• _The data_

=== Section Start ===

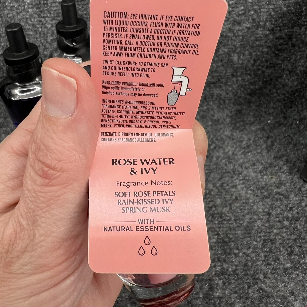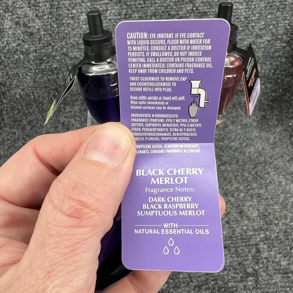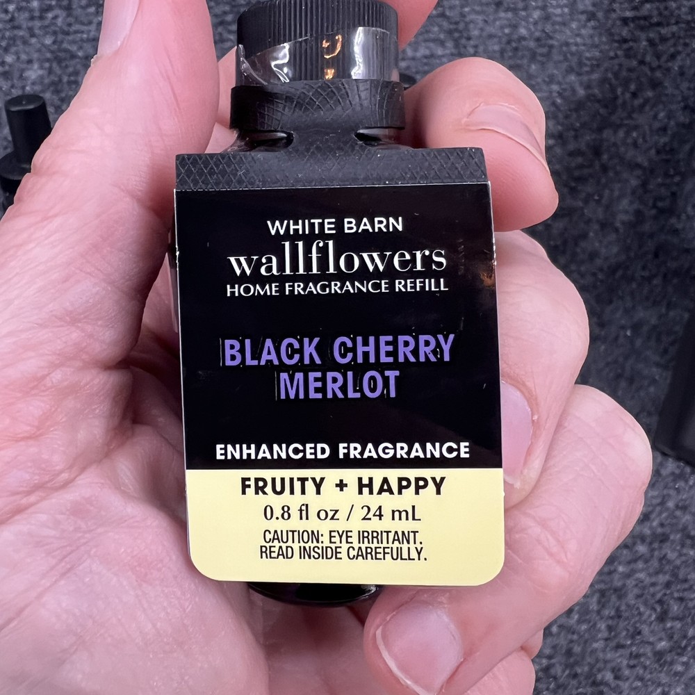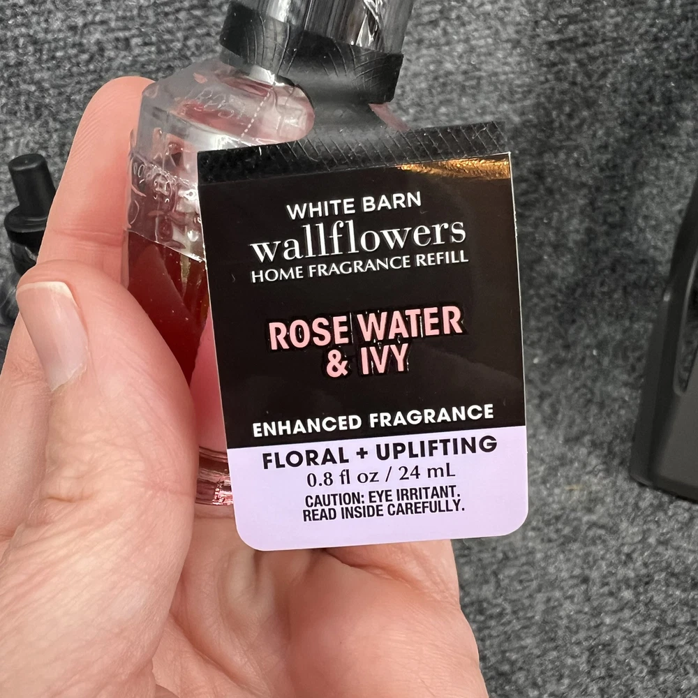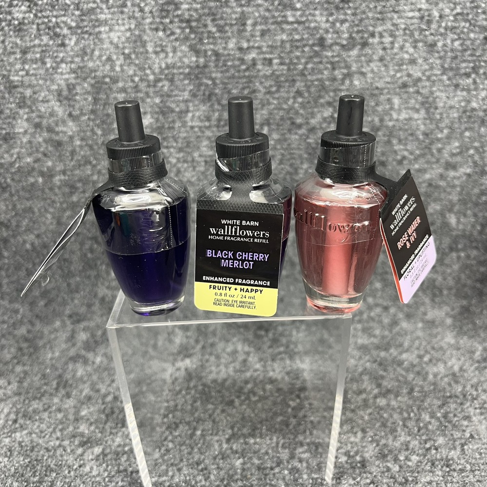 Lot of 3- Bath & Body Works Wallflower Fragrance Refills - (2) Black Cherry Merlot & (1) Rose Water Ivy. All 3 are brand new & still sealed. They are to be used with any of the Bath & body works or white barn fragrance plug (not included)- they will not work with Glade or Air Wick or any other plug in from the store. Please refer to the pictures for further.
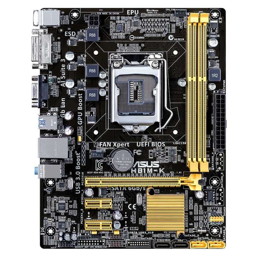 Descripción ASUS H81M-K. tipos de memoria compatibles: DDR3-SDRAM, Tipo de ranuras de memoria: DIMM, Soporte de canales de memoria: Dual. Familia de procesador: Intel, Procesador compatible: Celeron, Core i3, Core i5, Core i7, Pentium, Socket de procesador: Socket H3(1150). Interfaces de unidad de disco duro soportadas: SATA. Controlador LAN: Realtek 8111G, Tipo de interfaz ethernet: Gigabit. Componente para: PC, Familia de componentes de tarjeta madre: Intel, Circuito integrado de tarjeta madre: Intel H81
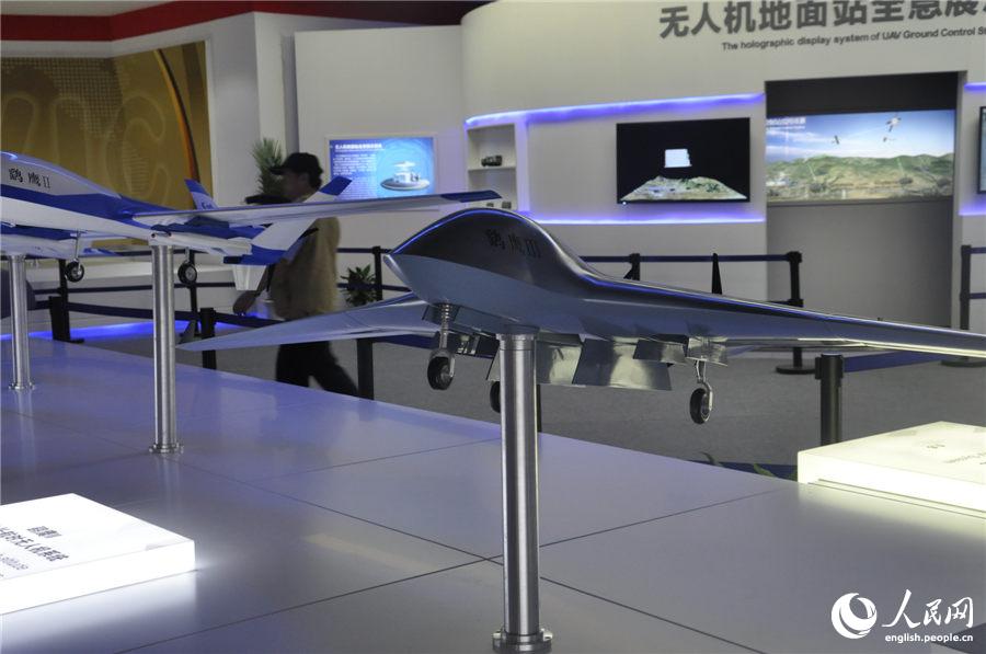 Model of the Harrier III Long-endurance All-purpose UAV System displayed at the 10th China International Aviation & Aerospace Exhibition (Airshow China 2014) scheduled from Nov. 11 to 16 in Zhuhai, south China’s Guangdong province. (People’s Daily Online/Sun Zhao)

=== Section End ===

• _Problem details_
Please write out the entire listing above exactly, but leave the pictures out.

• _Answer section_
 Lot of 3- Bath & Body Works Wallflower Fragrance Refills - (2) Black Cherry Merlot & (1) Rose Water Ivy. All 3 are brand new & still sealed. They are to be used with any of the Bath & body works or white barn fragrance plug (not included)- they will not work with Glade or Air Wick or any other plug in from the store. Please refer to the pictures for further.
 Descripción ASUS H81M-K. tipos de memoria compatibles: DDR3-SDRAM, Tipo de ranuras de memoria: DIMM, Soporte de canales de memoria: Dual. Familia de procesador: Intel, Procesador compatible: Celeron, Core i3, Core i5, Core i7, Pentium, Socket de procesador: Socket H3(1150). Interfaces de unidad de disco duro soportadas: SATA. Controlador LAN: Realtek 8111G, Tipo de interfaz ethernet: Gigabit. Componente para: PC, Familia de componentes de tarjeta madre: Intel, Circuito integrado de tarjeta madre: Intel H81
 Model of the Harrier III Long-endurance All-purpose UAV System displayed at the 10th China International Aviation & Aerospace Exhibition (Airshow China 2014) scheduled from Nov. 11 to 16 in Zhuhai, south China’s Guangdong province. (People’s Daily Online/Sun Zhao)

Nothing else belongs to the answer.